The Follies of Dainty-Dilly-Dalliness and Mysterious Eggs


The dwarves sat effort-knotted clenching the gnarled stump between them.  Derp hunched, tongue jammed up one toadstooly-nostril with effort.  He painted a wobbly line on the robin’s egg.

“Ack!  My fingers are too thickish for this dainty-dilly-dalliness,” he huffed.  “I don’t like painting eggs. I want to go home!”

Herp leapt to his feet, his bad eye spinning.

“I can help!” he cried.

With a grin as big as summer, he dug around in his pocket and produced a suspiciously large leathery egg.

“I found THIS one in the swamp!”

Derp grinned at the croc’s egg.

“I think you should just keep that prize in yer pocket awhile, Herpy boy.”

 

This is the latest entry in the 100-Word-Challenge for Adults.  This week’s challenge was the second part of two.  We were to take the last 10 words of another participant’s story and use it somewhere in our entry for this week.  You can see the original challenge here.

If you’d like to see the story I used the last 10 words from, visit How the Cookie Crumbles and read that story here.

To see my other 100-Word-Challenge entries, and more installments of this saga, go here.

Don’t Open the Red One


The red box sat on the toadstool tempting as a strawberry.  Next to it was its twin, less noticeably brown.  Herp The-Not-So-Clever Dwarf pondered this boxy mystery as the woodsy-shadows grew longer.  Even his ever-wandering eye stopped wandering; mesmerized.

“What do you suppose is inside?”  he asked Derp, his twin brother.

Derp was rear-to-him and busy wrestling a salamander from under a log.

“Whatever you do, don’t open them,” he grunted.

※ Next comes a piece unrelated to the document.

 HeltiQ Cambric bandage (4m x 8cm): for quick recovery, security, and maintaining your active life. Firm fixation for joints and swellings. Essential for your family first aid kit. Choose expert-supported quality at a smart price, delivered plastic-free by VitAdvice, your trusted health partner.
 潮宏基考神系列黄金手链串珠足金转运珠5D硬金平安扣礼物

Too late.  Herp had vanished into the woods, a flurry of scurrying feet wailing like a siren as the contents of the red box pondered Derp’s behind with glowing eyes.

The above is my entry for the 100-Word-Challenge. The prompt this week was “…the red box…”

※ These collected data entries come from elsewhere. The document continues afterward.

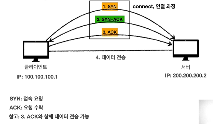 - TCP 3 way handsahke( 가상연결 )
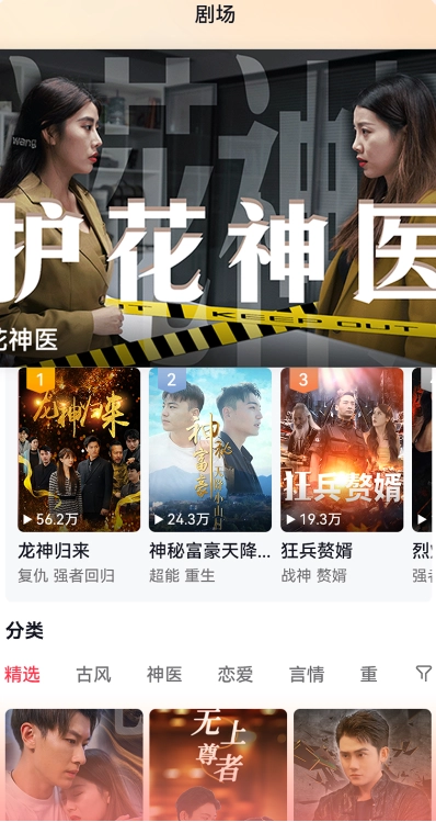 ·爱看短剧精品剧场模块,可供用户选择更高质量的短剧内容。
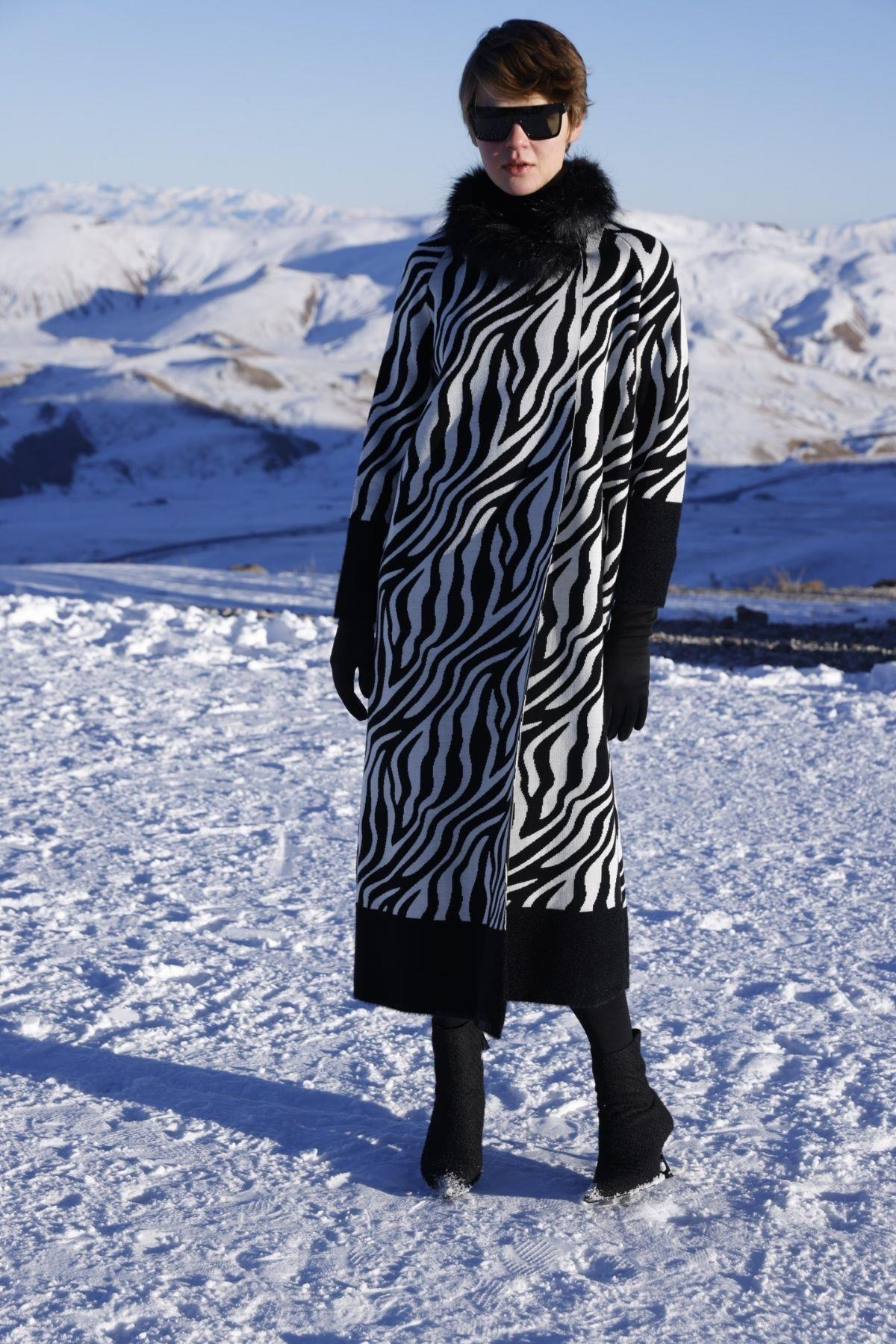 Mutlu Ertan Kadın Tıger Desen Pardesü Siyah-Ekru 2931
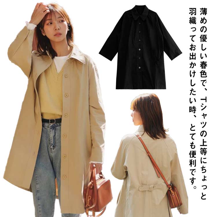 春 秋 ゆったり シンプル ロングコート 大人 ミドル丈 春コート 薄手 きちんと 女性 羽織り ステンカラーコート アウター 長袖 ライトアウター レディース ブラック 無地 おしゃれ 大きいサイズ
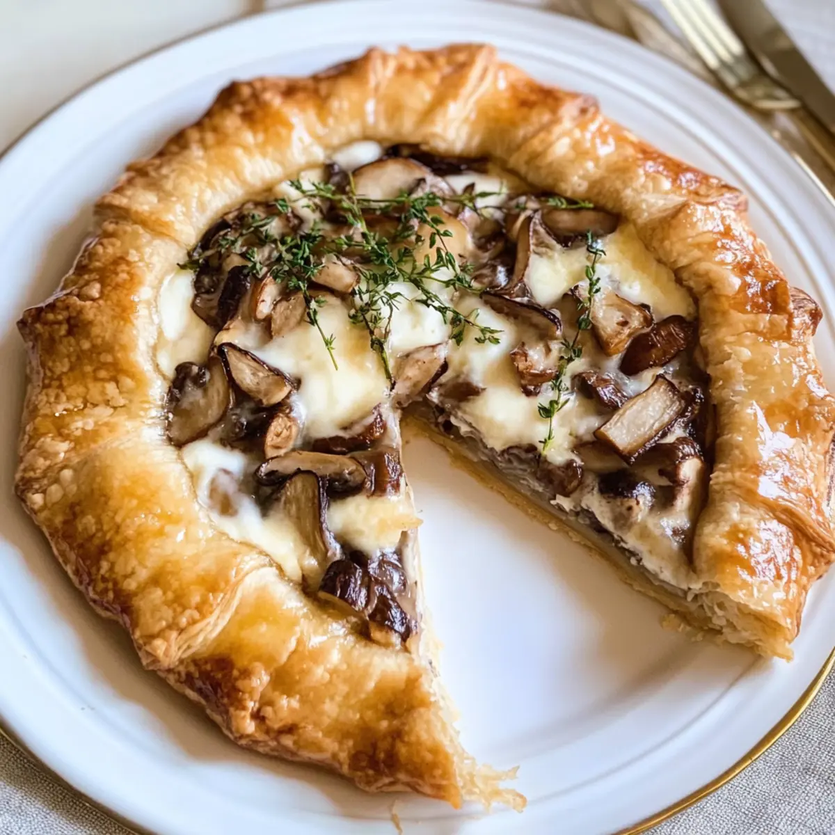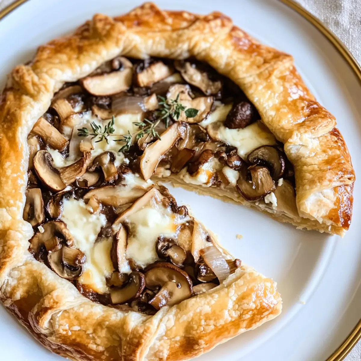 Kaum etwas ist so verführerisch wie der Duft frisch gebackener Teiggerichte, und meine Champignon-Galette ist da keine Ausnahme. Diese rustikale Variante eines französischen Klassikers bringt nicht nur Abwechslung auf den Tisch, sondern verzaubert auch durch ihre unkomplizierte Zubereitung. Mit einer knackigen, buttrigen Kruste, gefüllt mit zarten Champignons, cremiger Sahne und aromatischem Thymian, ist dieses Rezept sowohl herzhaft als auch vielseitig einsetzbar. Egal, ob als leichtes Abendessen oder als Highlight bei der nächsten Familienfeier – diese Galette wird garantiert zum Gesprächsthema! Ich kann es kaum erwarten, euch zu zeigen, wie einfach man in der eigenen Küche rustikale Köstlichkeiten zaubern kann. Seid ihr bereit für ein kulinarisches Abenteuer? Warum ist die Champignon-Galette besonders? Unkomplizierte Zubereitung: Die einfache Anleitung macht es jedem leicht, diese köstliche Galette zuzubereiten. Vielseitige Füllung: Ob als Hauptgericht oder als Snack – sie passt zu jeder Gelegenheit. Warmes Aroma: Der Duft von frischen, sautierten Champignons und Zwiebeln wird eure Küche erfüllen und jeden an den Tisch locken. Anpassungsfähig: Tauscht die Champignons gegen euer Lieblingsgemüse aus oder fügt etwas Käse hinzu! Rustikale Eleganz: Die rustikale Optik dieser Galette beeindruckt und sieht bei jeder Veranstaltung toll aus. Wenn ihr Lust auf mehr leckere Rezepte habt, schaut euch auch mein Cremige Pilz-Risotto Rezept an! Champignon-Galette Zutaten Für den Teig • Mehl – 250 g, sorgt für die Basisstruktur der Galette. • Kalte Butter – 125 g, macht den Teig schön buttrig und zart. • Salz – 1 Prise, hebt die Aromen hervor. • Kaltes Wasser – 80 ml, hilft, den Teig geschmeidig zu machen. Für die Füllung • Champignons – 400 g, beliebter Hauptbestandteil mit erdigem Geschmack. • Zwiebel – 1 Stück, bringt süße und Tiefe ins Gericht. • Knoblauchzehen – 2 Stück, für würzige Note und Aroma. • Sahne – 200 g, sorgt für Cremigkeit in der Füllung. • Ei – 1 Stück, dient als Bindemittel und für goldenes Backen. • Thymian – nach Geschmack, aromatisches Kraut, das die Champignons perfekt ergänzt. • Pfeffer – nach Geschmack, für die nötige Würze. • Salz – nach Geschmack, um die Aromen zu intensivieren. Diese Champignon-Galette Zutaten bieten die perfekte Grundlage für ein herzhaftes, rustikales Gericht, das sich in vielerlei Variationen zubereiten lässt! Step-by-Step Instructions für Champignon-Galette Rezept Step 1: Teig zubereiten Mehl, kalte Butter und eine Prise Salz in eine Schüssel geben und mit den Händen oder einem Rührgerät zu einem krümeligen Teig verarbeiten. Dies dauert etwa 3-5 Minuten. Anschließend kaltes Wasser hinzufügen und alles zu einem glatten, geschmeidigen Teig verkneten. Den Teig in Frischhaltefolie wickeln und für mindestens 30 Minuten im Kühlschrank ruhen lassen, damit er fest wird. Step 2: Füllung vorbereiten Während der Teig kühlstellt, die Champignons, Zwiebel und Knoblauch klein schneiden. In einer großen Pfanne etwas Öl erhitzen und die Zwiebel mit dem Knoblauch bei mittlerer Hitze anbraten, bis sie goldbraun sind. Dies dauert etwa 5-7 Minuten. Dann die geschnittenen Champignons hinzufügen und weiter rösten, bis die gesamte Flüssigkeit verdampft ist und die Champignons zart sind, etwa 5-10 Minuten. Step 3: Sahnemischung anrühren In einer separaten Schüssel die Sahne, das Ei, Thymian, Pfeffer und Salz gut vermengen. Dies sorgt für die cremige Füllung der Champignon-Galette. Schlage alles gründlich durch, bis eine homogene Mischung entsteht, und halte sie bereit, um sie später über die Champignon-Zwiebel-Mischung zu gießen. Step 4: Teig ausrollen Den gekühlten Teig auf einer leicht bemehlten Arbeitsfläche ausrollen, bis er einen Durchmesser von etwa 30 cm hat. Achte darauf, dass der Teig gleichmäßig dick ist, und lege ihn anschließend auf ein mit Backpapier belegtes Backblech. Der Rand sollte etwa 5 cm frei bleiben, um die Füllung später einzuschlagen. Step 5: Füllung auftragen Die zuvor vorbereitete Champignon-Zwiebel-Mischung gleichmäßig in der Mitte des ausgerollten Teigs verteilen. Die Sahnemischung darauf gießen und so verteilen, dass sie die Champignons gut abdeckt. Dabei darauf achten, dass die Füllung nicht den Rand des Teigs berührt, damit sich die Galette gut einklappen lässt. Step 6: Teigrand einklappen Den Rand des Teigs vorsichtig über die Füllung klappen und dabei eine rustikale Form schaffen. Dies gibt der Champignon-Galette ein schönes Aussehen und hält die Füllung im Inneren. Anschließend den eingeklappten Teigrand leicht andrücken, um ihn zu fixieren. Step 7: Backen Den Ofen auf 200 Grad Celsius vorheizen. Die Galette im vorgeheizten Ofen für etwa 30 Minuten backen, bis der Teig goldbraun und knusprig ist. Achte darauf, dass die Oberfläche der Galette schön gebräunt ist, was ein Zeichen dafür ist, dass sie fertig ist. Step 8: Servieren Die Champignon-Galette aus dem Ofen nehmen und etwa 10 Minuten ruhen lassen. Dies hilft, die Füllung zu setzen. Nach der Ruhzeit in Stücke schneiden und warm servieren. Diese rustikale Galette ist perfekt als leichtes Abendessen oder als köstlicher Snack für eure Gäste. Aufbewahrungstipps für Champignon-Galette Raumtemperatur: : Die Champignon-Galette sollte idealerweise frisch serviert werden. Bei Raumtemperatur bleibt sie bis zu 2 Stunden genießbar, bevor sie austrocknet. Kühlschrank: : Reste können in einem luftdichten Behälter bis zu 3 Tage im Kühlschrank aufbewahrt werden. Stellen Sie sicher, dass die Galette vorher gut abgekühlt ist, um die Feuchtigkeit zu erhalten. Gefrierschrank: : Die Champignon-Galette kann vor dem Backen eingefroren werden. Wickeln Sie sie gut in Frischhaltefolie und einfrieren für bis zu 2 Monate. Beim Backen dann die Backzeit um etwa 5-10 Minuten verlängern. Wiederaufwärmen: : Die Galette kann im vorgeheizten Ofen bei 180°C für 10-15 M

To see other entries, and more installments of this saga, go here.

Clowns and Shadows…and Herp


Moribund The Shadow Thing made his way, slithering from shadow to shadow among the clowns in the little room.  Their bawdiness was quieted by moonlight to blues and blacks.  This was his realm.  He grinned.

Closer to the sleeping child he crept.  The foolish clowns held their breath, waiting for the scream to shatter the night.  He leaned closer…

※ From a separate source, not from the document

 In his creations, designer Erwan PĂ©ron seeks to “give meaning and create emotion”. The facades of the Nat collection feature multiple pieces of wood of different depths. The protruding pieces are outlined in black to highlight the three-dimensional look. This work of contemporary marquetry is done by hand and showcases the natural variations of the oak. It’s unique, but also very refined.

Light exploded into the room.  Gaudy colors shrieked through his brain and then all went dark.  Blinded.

“Herp, for Pete’s sake!” he hissed at the clueless dwarf.

“But I turned it off!”

The clowns laughed harder and Herp ran.

The above is my entry for the 100-Word-Challenge. The prompt this week was “…but I turned it off…”

To see other entries, and more installments of this saga, go here.

 

Toad Slide


The dwarves were under the wood pile again.  The Valentine’s Day disaster had passed but the tension had not.  The clammy moldiness was a comfort.

Herp poked a toad that stared at him blithely.

Derp sighed.  “I don’t think Moribund will ever forgive us, but if you look on the flip side…”

“A what slide?” Herp’s bad eye meandered toward Derp.

“Flip side.  Flip.  FLIP!”

Something warty wetly struck Derp in the side of the head.  It clung a moment before sliding down.

“What?  You said ‘flip!’”

“No, I said toad slide,” he spat shoving the toad down Herp’s pants.

The above is my entry for the 100-Word-Challenge. The prompt this week was “…the flip side…”

Previous 100-word installments in the Moribund saga:

 

Love Dies an Ugly Death Under the Sink


Glenda Gloop, the Under the Sink Thing, rolled her one bulbous eye at Moribund the Shadow Thing.  She flutter-lashed and his belly trembled.

“You’re looking very… erm… gloppish today, Glenda.”

She giggled a drain-water gurgle.  Moribund fidgeted.  His valentine was being ignored after all he’d gone through.  He poked the box closer with a shadowy toe, hopeful.

To his horror, she yawned and began to snore.  He deflated like a punctured tire and glared at the two dwarves.

“It wasn’t my fault!” Derp squealed.  Herp fainted.

Exasperated, Moribund crammed his gift into her guzzawing mouth and swore off love forever.

The above is my entry for the 100-Word-Challenge.  The prompt was “It wasn’t my fault.”